Actually, Jesus thought that acknowledging him and giving him sacrificial worship was more important than giving money to the poor, see Matthew 26:6-13:

While Jesus was in Bethany in the home of Simon the Leper, 

a woman came to him with an alabaster jar of very expensive perfume, which she poured on his head as he was reclining at the table.

When the disciples saw this, they were indignant. “Why this waste?” they asked. 

“This perfume could have been sold at a high price and the money given to the poor.”

10 Aware of this, Jesus said to them, “Why are you bothering this woman? She has done a beautiful thing to me. 

11 The poor you will always have with you, but you will not always have me. 

12 When she poured this perfume on my body, she did it to prepare me for burial. 

13 Truly I tell you, wherever this gospel is preached throughout the world, what she has done will also be told, in memory of her.”

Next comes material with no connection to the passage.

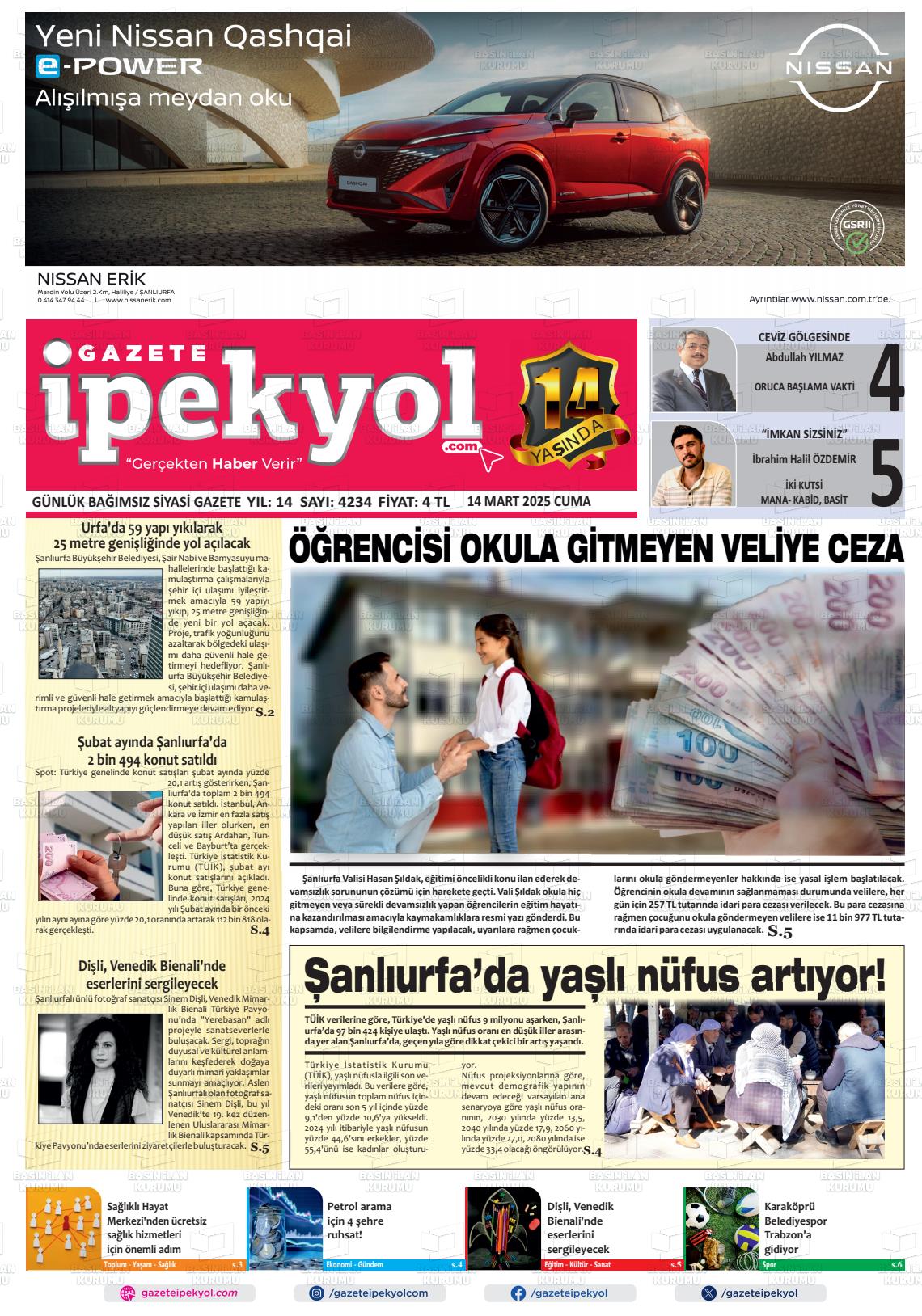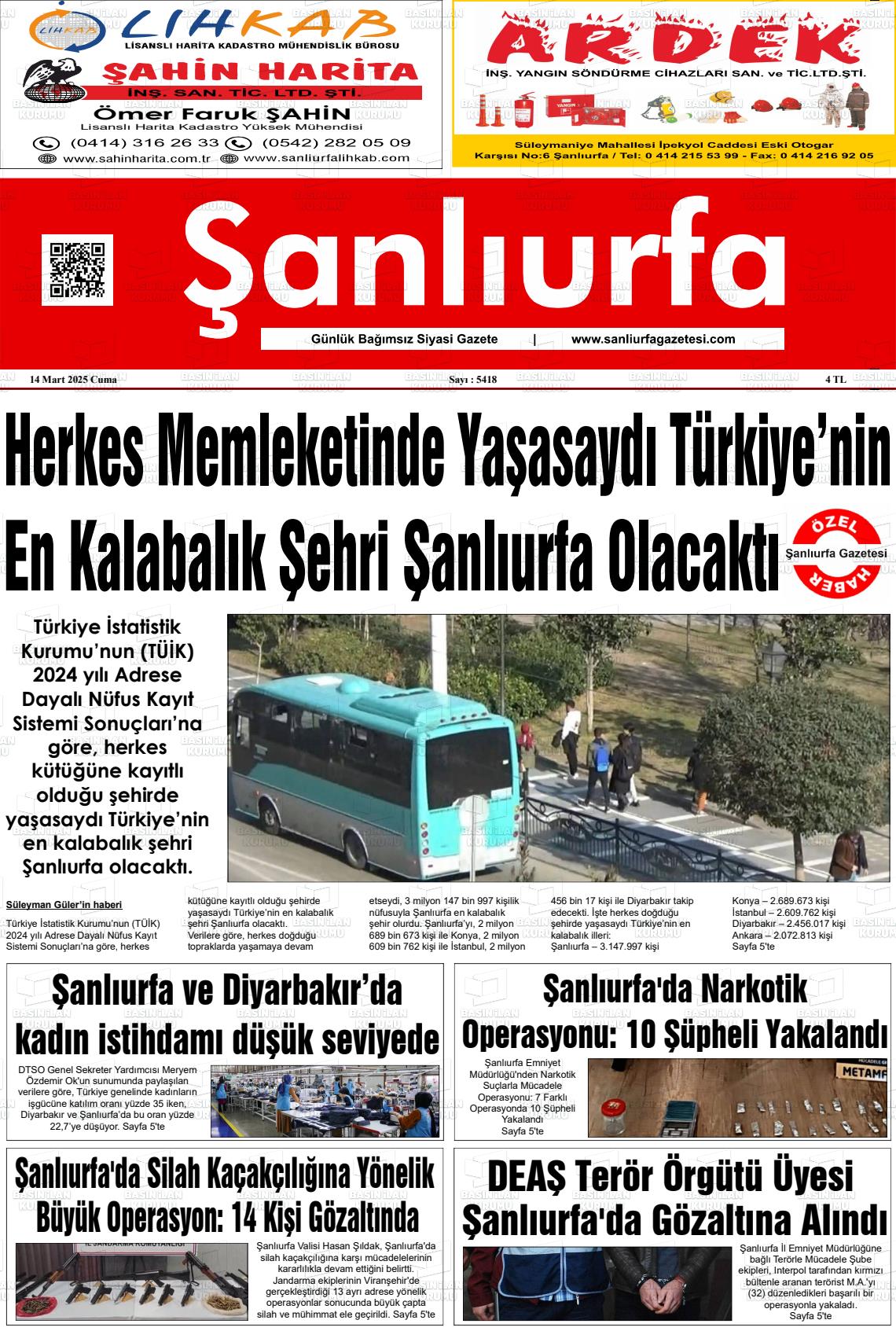 Şanlıurfa Yerel Gazeteleri 11 Aralık 2025, Perşembe Günü Manşeti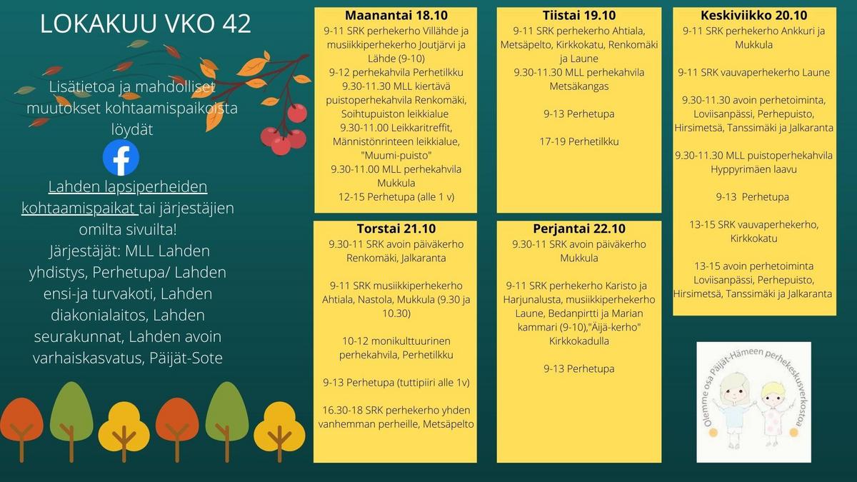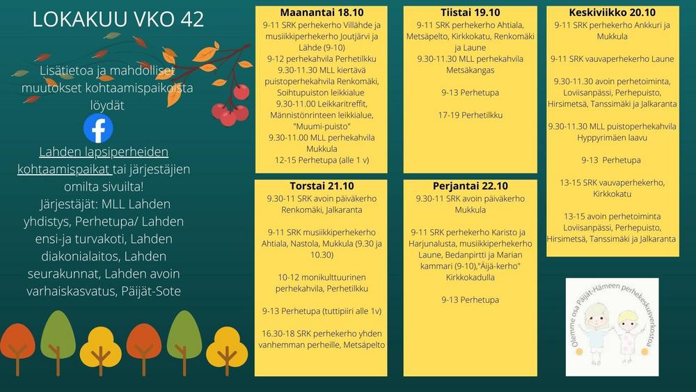 Lapsiperhiden kohtaamispaikat viikolla 42

It’s not clear to me whether Jim Wallis thinks that preaching is more important than redistributing wealth to address material inequality.

I like what Jesus said in a TV series, even though it’s not in the Bible when an actor playing Jesus said to “change the world”.

Jesus never said to “change the world” in the Bible. Should we be concerned that he is quoting a TV actor playing Jesus instead of Jesus.

Here is a terrific story about Bill Bright.

I love Catholic social teaching.

Quote: “All are responsible for all”.

I go to the World Economic Forum at Davos, Switzerland every year. I spoke once at 7 AM on the 4th floor.

It’s a funny place for a Christian to be if they care about the poor – rubbing shoulders with leftist elites. He must have named a dozen high-profile people that he spoke with during the debate, as if he could win the debate by some sort of argument from name-dropping. He mentioned the Davos thing several times!

The greatest beneficiary of government actions to deal with the economic crisis was Wall Street banks.

And Wall Street bankers are huge supporters of Barack Obama for exactly that reason.

I’m going to tell you a story about what a Washington lawyer says to Jesus.

I’ve had conversations with business leaders where I tell them to integrate moral truths.

I talk about the Good Samaritan parable.

Quote: “Do you love your undocumented neighbor?”

Quote: “Do you love your Muslim neighbor?”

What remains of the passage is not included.